[[ EXERCISE INPUT open ]]

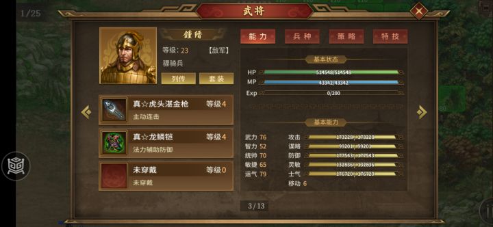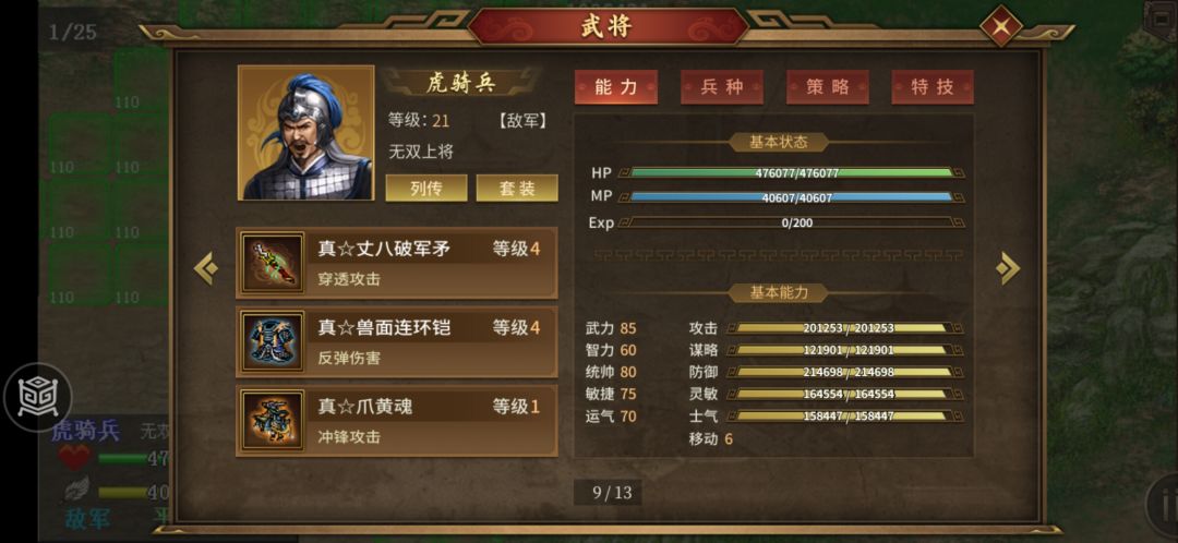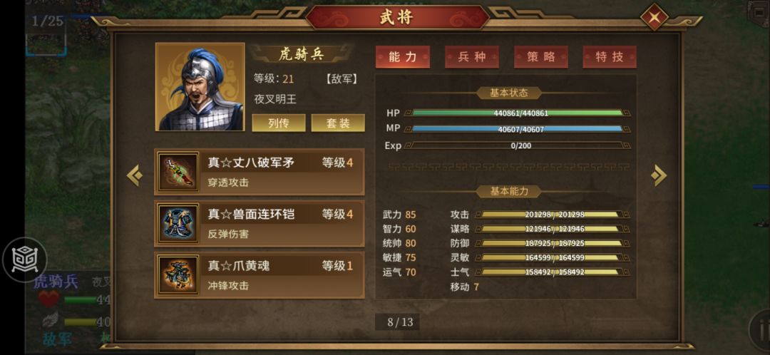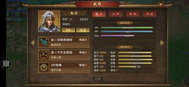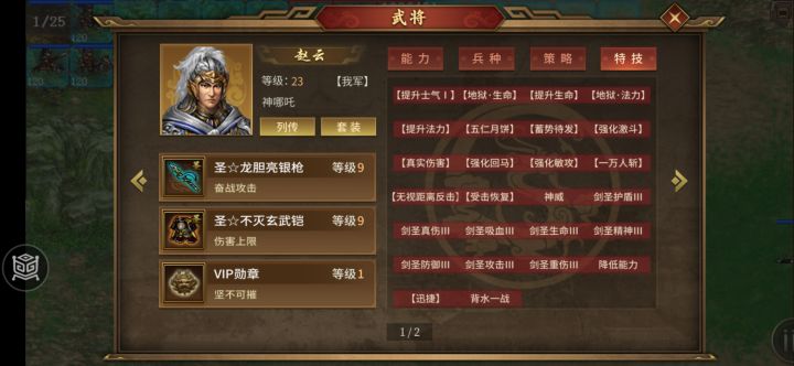 最难的单人关,赵云神灵童穿杨拓皮,吃了1万攻击果,技能主要吃了蓄势待发,进场攻击力8万,过关时攻击12万,因为攻击力不够,这关摸索了很久,那个虎骑兵的反伤特麻烦,夜明叉王还可以用技能慢慢磨死,无双上将直接攻击和技能攻击都被立马反死,只能多存档慢慢打。前5回合打死左上4个敌军和右上1个弓兵,留下钟缙钟𬬹和1个虎骑兵,后面的回合下去杀掉中间的敌军,慢慢磨下面两个虎骑的血,最后一回合5个一起送走。
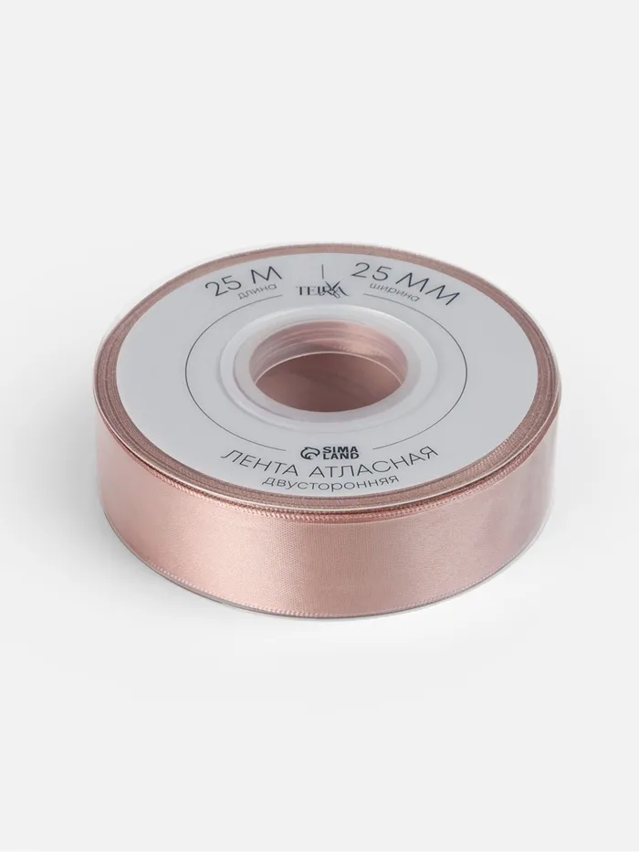Лента атласная TEIRA, двухсторонняя, 25 мм, 25±1 м, бежевая — Характеристики
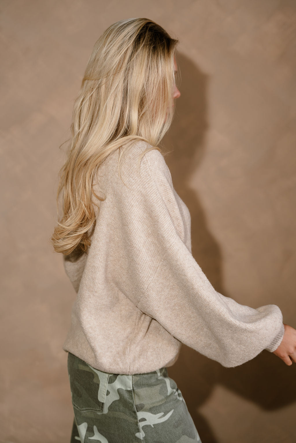 Long balloon sleeves bring volume and visual interest, making this sweater a standout piece for everyday styling. Perfect for pairing with jeans, trousers, or skirts, the Farrah Sweater offers an elevated yet laid-back look that transitions seamlessly from casual days to dressed-up moments.
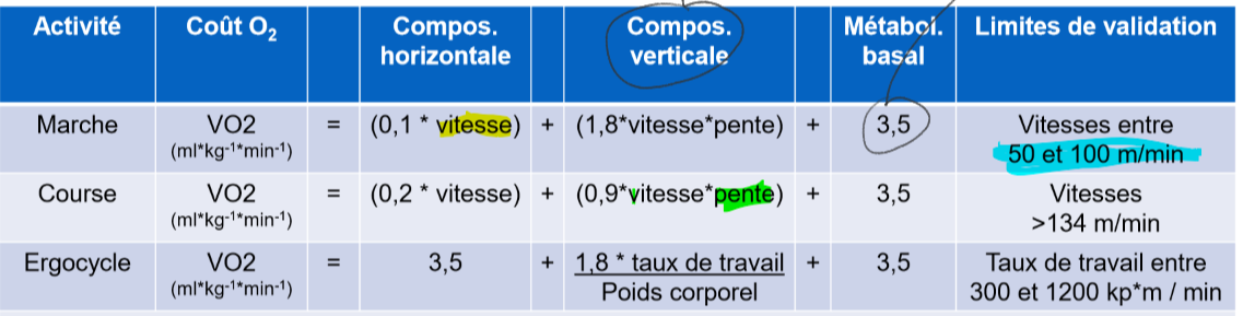 VO2 = (0,2vitesse) + (0,9vitesse*pente) + 3,5
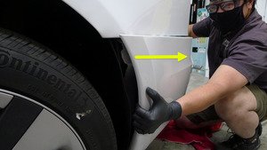 the LH rear wheel arch liner to the rear fascia, and then move the liner to the side for
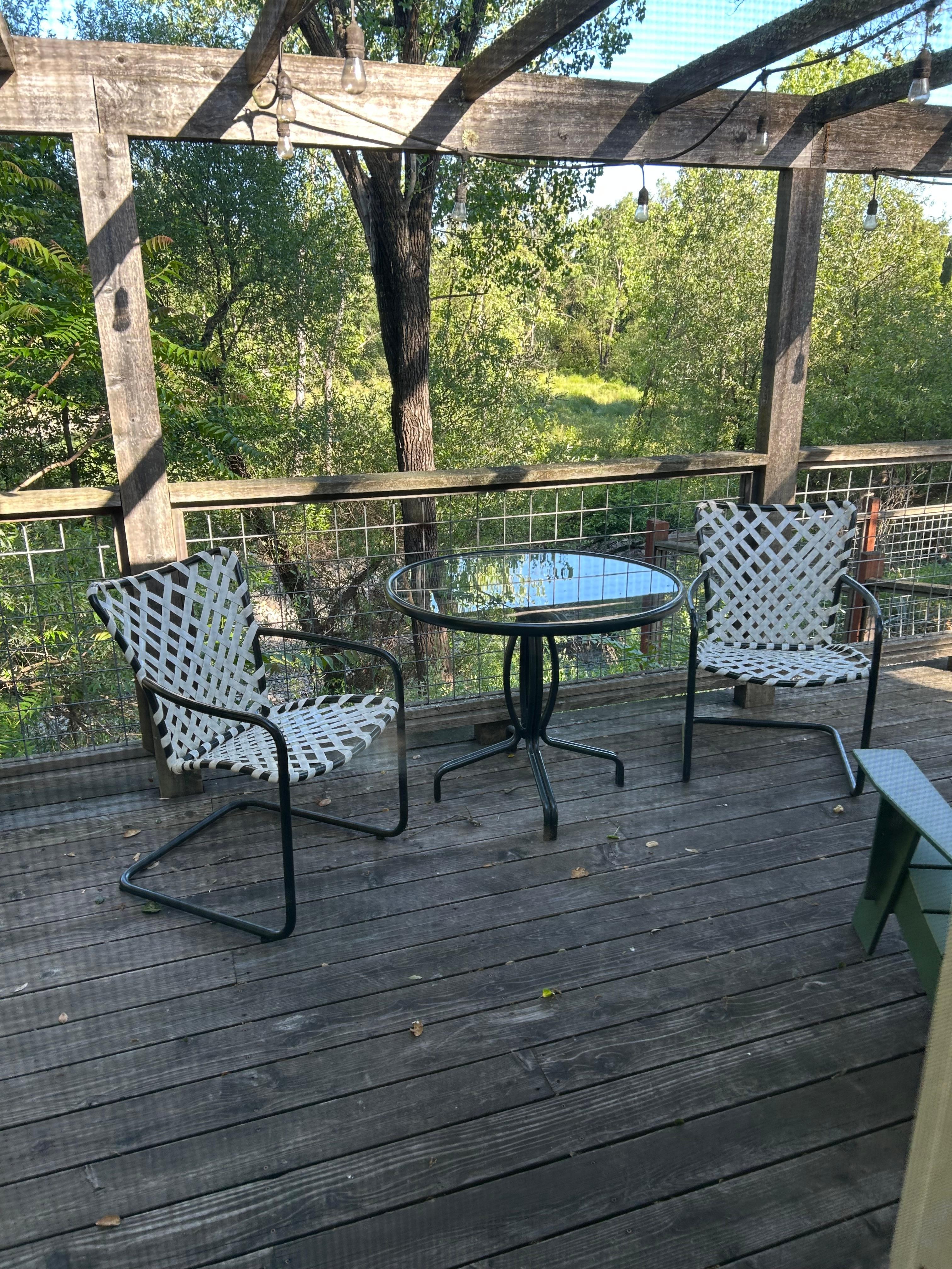 Guests who book during the winter / rainy season may get a special whitewater treat! Since the Bungalow is overlooking Sonoma Creek, you will enjoy an exciting show if there is a rainstorm, and the tranquil creek gets a little more exciting! Part of the deck is covered, so you can enjoy a thrill during a rainstorm! (Don't worry, you are safely high above the creek in the ravine below.)
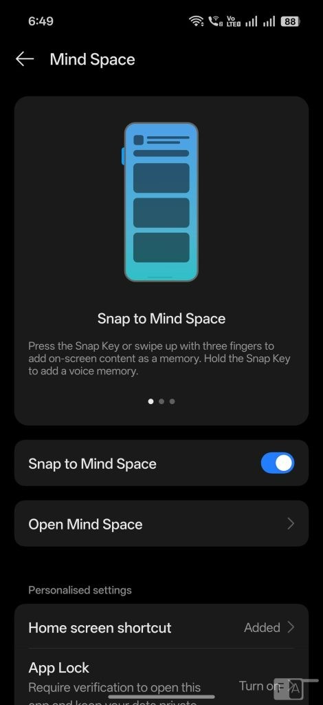 کلید جدید Snap Key امکان جابجایی بین حالتهای صدا، لرزش و بیصدا را فراهم میکند و میتوان آن را برای دسترسی سریع به دوربین، ترجمه یا چراغقوه شخصیسازی کرد. همچنین قابلیت Mind Space به کاربران امکان ذخیره و سازماندهی اطلاعات روی صفحه را میدهد. این قابلیت با هوش مصنوعی و Gemini ادغام شده تا محتوای ذخیرهشده را درک کرده و بر اساس آن اقدامات لازم را پیشنهاد دهد.
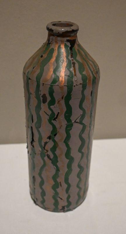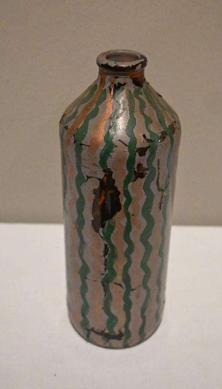 A painted bottle by Michigan artist Albert “‹“Kid” Mertz. Mixed media. Approx. 2.5" x 2.5" x 7.5". Please note, the paint on Mertz bottles often flakes, as photographed. Edie B Estate Sales is not responsible for additional flaking during shipment.
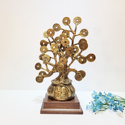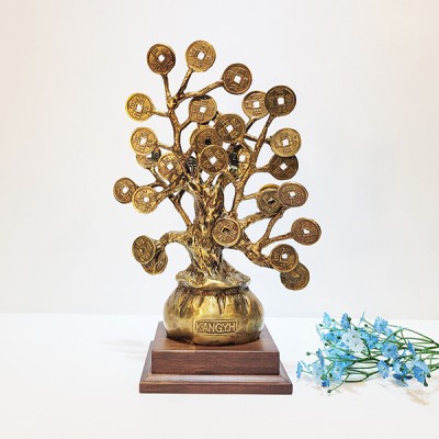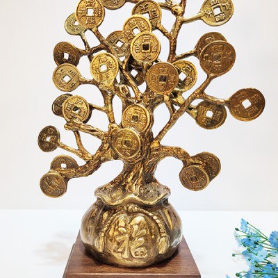 재물운을 부르는 청동 황동 공예품인 돈나무 복주머니 조각품은 복을 부르는 복주머니 위에 하나하나 수작업으로
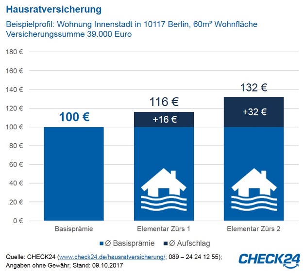 In der niedrigsten Hochwassergefährdungszone (ZÜRS-Zone 1) erhalten Verbraucher Elementarschutz für ihren Hausrat ab sieben Euro pro Jahr. Im Schnitt der 88 betrachteten Tarife verteuert die Elementarabdeckung den Versicherungsbeitrag jährlich nur um 16 Euro. ZÜRS-Zone 1 umfasst gut 91 Prozent der Immobilien in Deutschland.3) Weitere sieben Prozent der Adressen liegen in ZÜRS-Zone 2. Für diese Gebiete kostet die Absicherung gegen Elementarschäden durchschnittlich 32 Euro pro Jahr. Der Aufpreis liegt zwischen 13 und 216 Euro - ein Vergleich verschiedener Tarife lohnt sich daher. "Über 98 Prozent der Immobilien in Deutschland können problemlos gegen Elementarschäden versichert werden", sagt Benjamin Brook, Geschäftsführer Hausratversicherung bei CHECK24. Und auch für Verbraucher aus niedrigen Hochwassergefährdungszonen ist diese Police sinnvoll. Ein Großteil der Wasserschäden ensteht abseits der großen Flüsse beispielsweise durch Starkregen und Schneeschmelze.4)

[[ EXERCISE INPUT closed ]]

**AIM OF THE TASK:**
Reprint the whole listing verbatim except for the pictures.

**REPLY:**
 最难的单人关,赵云神灵童穿杨拓皮,吃了1万攻击果,技能主要吃了蓄势待发,进场攻击力8万,过关时攻击12万,因为攻击力不够,这关摸索了很久,那个虎骑兵的反伤特麻烦,夜明叉王还可以用技能慢慢磨死,无双上将直接攻击和技能攻击都被立马反死,只能多存档慢慢打。前5回合打死左上4个敌军和右上1个弓兵,留下钟缙钟𬬹和1个虎骑兵,后面的回合下去杀掉中间的敌军,慢慢磨下面两个虎骑的血,最后一回合5个一起送走。
Лента атласная TEIRA, двухсторонняя, 25 мм, 25±1 м, бежевая — Характеристики
 Long balloon sleeves bring volume and visual interest, making this sweater a standout piece for everyday styling. Perfect for pairing with jeans, trousers, or skirts, the Farrah Sweater offers an elevated yet laid-back look that transitions seamlessly from casual days to dressed-up moments.
 VO2 = (0,2vitesse) + (0,9vitesse*pente) + 3,5
 the LH rear wheel arch liner to the rear fascia, and then move the liner to the side for
 Guests who book during the winter / rainy season may get a special whitewater treat! Since the Bungalow is overlooking Sonoma Creek, you will enjoy an exciting show if there is a rainstorm, and the tranquil creek gets a little more exciting! Part of the deck is covered, so you can enjoy a thrill during a rainstorm! (Don't worry, you are safely high above the creek in the ravine below.)
 کلید جدید Snap Key امکان جابجایی بین حالتهای صدا، لرزش و بیصدا را فراهم میکند و میتوان آن را برای دسترسی سریع به دوربین، ترجمه یا چراغقوه شخصیسازی کرد. همچنین قابلیت Mind Space به کاربران امکان ذخیره و سازماندهی اطلاعات روی صفحه را میدهد. این قابلیت با هوش مصنوعی و Gemini ادغام شده تا محتوای ذخیرهشده را درک کرده و بر اساس آن اقدامات لازم را پیشنهاد دهد.
 A painted bottle by Michigan artist Albert “‹“Kid” Mertz. Mixed media. Approx. 2.5" x 2.5" x 7.5". Please note, the paint on Mertz bottles often flakes, as photographed. Edie B Estate Sales is not responsible for additional flaking during shipment.
 재물운을 부르는 청동 황동 공예품인 돈나무 복주머니 조각품은 복을 부르는 복주머니 위에 하나하나 수작업으로
 In der niedrigsten Hochwassergefährdungszone (ZÜRS-Zone 1) erhalten Verbraucher Elementarschutz für ihren Hausrat ab sieben Euro pro Jahr. Im Schnitt der 88 betrachteten Tarife verteuert die Elementarabdeckung den Versicherungsbeitrag jährlich nur um 16 Euro. ZÜRS-Zone 1 umfasst gut 91 Prozent der Immobilien in Deutschland.3) Weitere sieben Prozent der Adressen liegen in ZÜRS-Zone 2. Für diese Gebiete kostet die Absicherung gegen Elementarschäden durchschnittlich 32 Euro pro Jahr. Der Aufpreis liegt zwischen 13 und 216 Euro - ein Vergleich verschiedener Tarife lohnt sich daher. "Über 98 Prozent der Immobilien in Deutschland können problemlos gegen Elementarschäden versichert werden", sagt Benjamin Brook, Geschäftsführer Hausratversicherung bei CHECK24. Und auch für Verbraucher aus niedrigen Hochwassergefährdungszonen ist diese Police sinnvoll. Ein Großteil der Wasserschäden ensteht abseits der großen Flüsse beispielsweise durch Starkregen und Schneeschmelze.4)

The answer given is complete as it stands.